| Work to complete |
Each entry below must be written out exactly, with pictures left out.

| Material for this exercise |
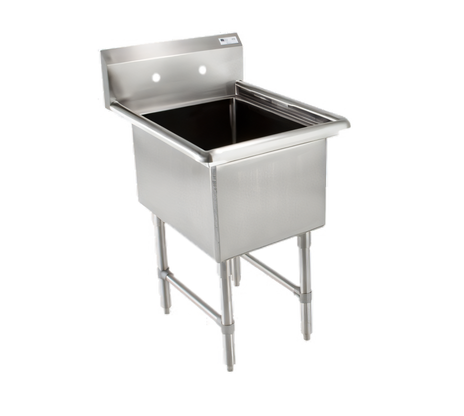 "B" Series Sink, 1-compartment, 23"W x 23-1/2"D x 44"H overall size, (1) 18"W x 18" front-to-back x 14" deep compartment, 10"H boxed backsplash with 45° top and 2" return, (1) set of splash mount faucet holes with 8" centers, 3-1/2" die-stamped drain opening, 16/300 stainless steel construction, stainless steel legs, adjustable side bracing, adjustable bullet feet, NSF, CSA-Sanitation (Available in Effingham and Nevada)
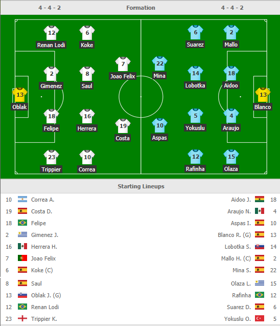 AEGoal.net cập nhật chính xác ĐỘI HÌNH RA SÂN trận Atletico Madrid vs Celta Vigo diễn ra lúc 23h30 ngày 21/9 trong khuôn khổ vòng 5 La Liga.
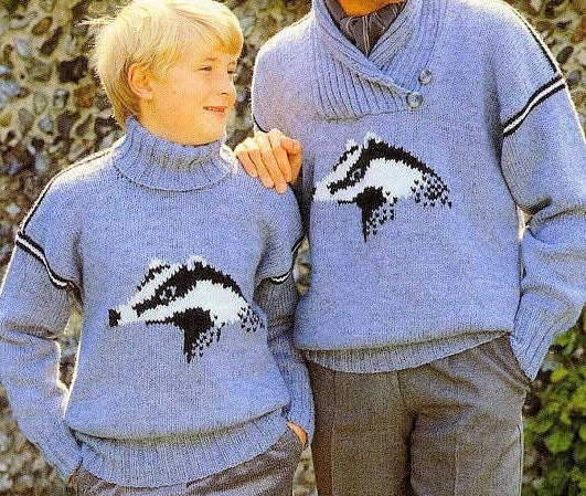 Vintage Knit Badger Pullover Sweater Knitting Pattern Mens Crossover Neck Sweater Boys Turtleneck Sweater PDF Instant Digital Download
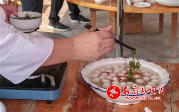 毛朝軍要研發(fā)的新菜品是“絞股藍汆魚丸”、“蓮蓬魚”。絞股藍是一種古老的中草藥和常飲茶,含有黃酮類、多種維生素、微量元素、礦物質(zhì)等。具有降血壓、降血脂、降血糖、延緩衰老等功效。是安康市特有的地域特色的保健產(chǎn)品。他研發(fā)的“絞股藍汆魚丸”的制作方法是選用上好的2公斤左右草魚洗凈晾干后去掉魚頭,用刀將魚肉刮掉后放入打肉機,加泡好的絞股藍水、少量鹽打至無顆粒感后的魚茸取出放入盆中加適量雞蛋清、蔥姜水等調(diào)料充分攪拌后做成直徑1.3公分左右的丸子放入溫水中慢熟后倒入盤中,再將泡過的絞股藍少量枝葉及10余粒枸杞子放入盤中。一道具有安康地域特色的“絞股藍汆魚丸”就做成了。該菜品的特點是自然爽口,回味甘醇,營養(yǎng)豐富。
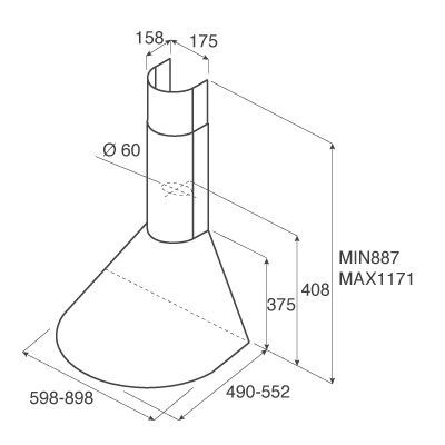 Купольная вытяжка JET AIR ROUND IX/A/60 имеет выразительный дизайн — скругленные линии и цвет «нержавеющая сталь» сделают прибор украшением любой кухни.
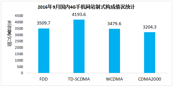 9月4G手機網(wǎng)絡制式出貨量最高的是移動的TD-SCDMA,支持該網(wǎng)絡的手機達到4193.6萬部,占97.5%,環(huán)比下滑0.1%。其余FDD、WCDMA和cdma2000網(wǎng)絡制式的手機出貨量分別為3510萬部、3480萬部和3204萬部。
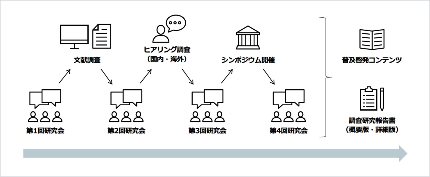 따라서 본 조사 연구에서는 특히 민간 영역에서의 서비스디자인 실천 현황에 초점을 맞추고 있습니다. 전문가를 위원으로 하는 '서비스디자인 연구회(연구회 의장: 게이오대학교 경제학부 교수 무케야마 마사나코(武山政直)씨)'의 논의와 검토를 중심으로 국내외의 실천 사례 조사 및 분석 등을 통해 일본에서의 서비스디자인의 효과적인 도입과 실천을 위한 제언을 하는 프로젝트로서 발족했습니다. 동시에 그 제언을 바탕으로 한 아웃풋으로 서비스디자인 보급 개발 콘텐츠를 제작하는 것도 본 프로젝트의 중요한 목적이 되고 있습니다.
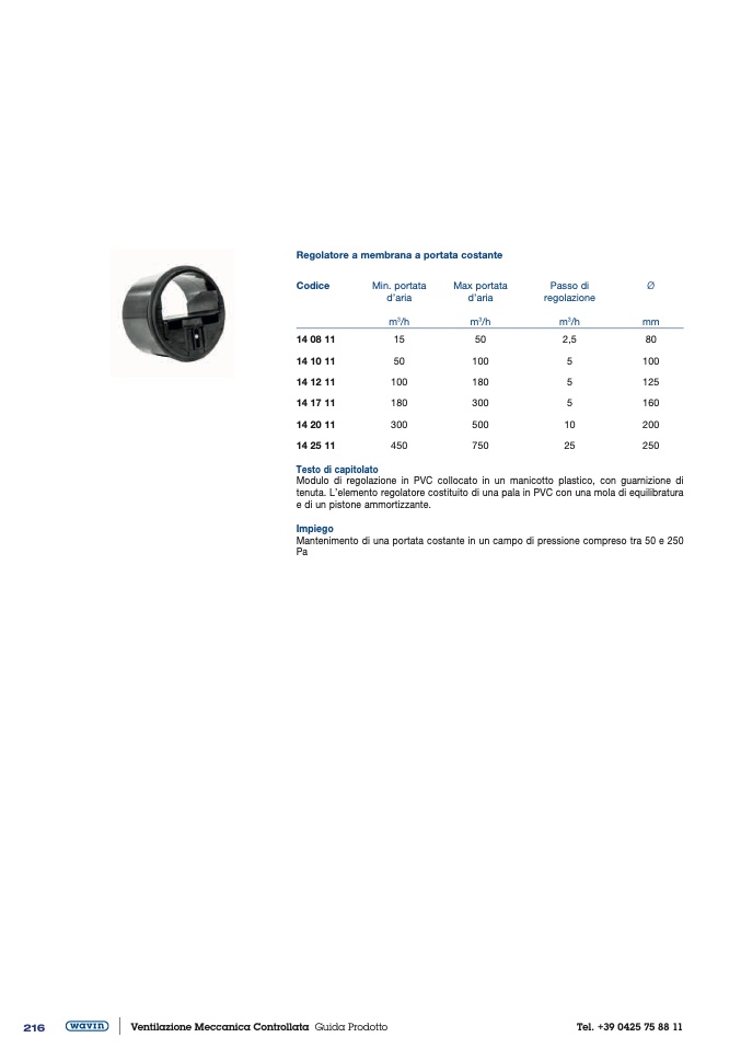 Regolatore a membrana a portata costante

| Reply |
 "B" Series Sink, 1-compartment, 23"W x 23-1/2"D x 44"H overall size, (1) 18"W x 18" front-to-back x 14" deep compartment, 10"H boxed backsplash with 45° top and 2" return, (1) set of splash mount faucet holes with 8" centers, 3-1/2" die-stamped drain opening, 16/300 stainless steel construction, stainless steel legs, adjustable side bracing, adjustable bullet feet, NSF, CSA-Sanitation (Available in Effingham and Nevada)
 AEGoal.net cập nhật chính xác ĐỘI HÌNH RA SÂN trận Atletico Madrid vs Celta Vigo diễn ra lúc 23h30 ngày 21/9 trong khuôn khổ vòng 5 La Liga.
 Vintage Knit Badger Pullover Sweater Knitting Pattern Mens Crossover Neck Sweater Boys Turtleneck Sweater PDF Instant Digital Download
 毛朝軍要研發(fā)的新菜品是“絞股藍汆魚丸”、“蓮蓬魚”。絞股藍是一種古老的中草藥和常飲茶,含有黃酮類、多種維生素、微量元素、礦物質(zhì)等。具有降血壓、降血脂、降血糖、延緩衰老等功效。是安康市特有的地域特色的保健產(chǎn)品。他研發(fā)的“絞股藍汆魚丸”的制作方法是選用上好的2公斤左右草魚洗凈晾干后去掉魚頭,用刀將魚肉刮掉后放入打肉機,加泡好的絞股藍水、少量鹽打至無顆粒感后的魚茸取出放入盆中加適量雞蛋清、蔥姜水等調(diào)料充分攪拌后做成直徑1.3公分左右的丸子放入溫水中慢熟后倒入盤中,再將泡過的絞股藍少量枝葉及10余粒枸杞子放入盤中。一道具有安康地域特色的“絞股藍汆魚丸”就做成了。該菜品的特點是自然爽口,回味甘醇,營養(yǎng)豐富。
 Купольная вытяжка JET AIR ROUND IX/A/60 имеет выразительный дизайн — скругленные линии и цвет «нержавеющая сталь» сделают прибор украшением любой кухни.
 9月4G手機網(wǎng)絡制式出貨量最高的是移動的TD-SCDMA,支持該網(wǎng)絡的手機達到4193.6萬部,占97.5%,環(huán)比下滑0.1%。其余FDD、WCDMA和cdma2000網(wǎng)絡制式的手機出貨量分別為3510萬部、3480萬部和3204萬部。
 따라서 본 조사 연구에서는 특히 민간 영역에서의 서비스디자인 실천 현황에 초점을 맞추고 있습니다. 전문가를 위원으로 하는 '서비스디자인 연구회(연구회 의장: 게이오대학교 경제학부 교수 무케야마 마사나코(武山政直)씨)'의 논의와 검토를 중심으로 국내외의 실천 사례 조사 및 분석 등을 통해 일본에서의 서비스디자인의 효과적인 도입과 실천을 위한 제언을 하는 프로젝트로서 발족했습니다. 동시에 그 제언을 바탕으로 한 아웃풋으로 서비스디자인 보급 개발 콘텐츠를 제작하는 것도 본 프로젝트의 중요한 목적이 되고 있습니다.
 Regolatore a membrana a portata costante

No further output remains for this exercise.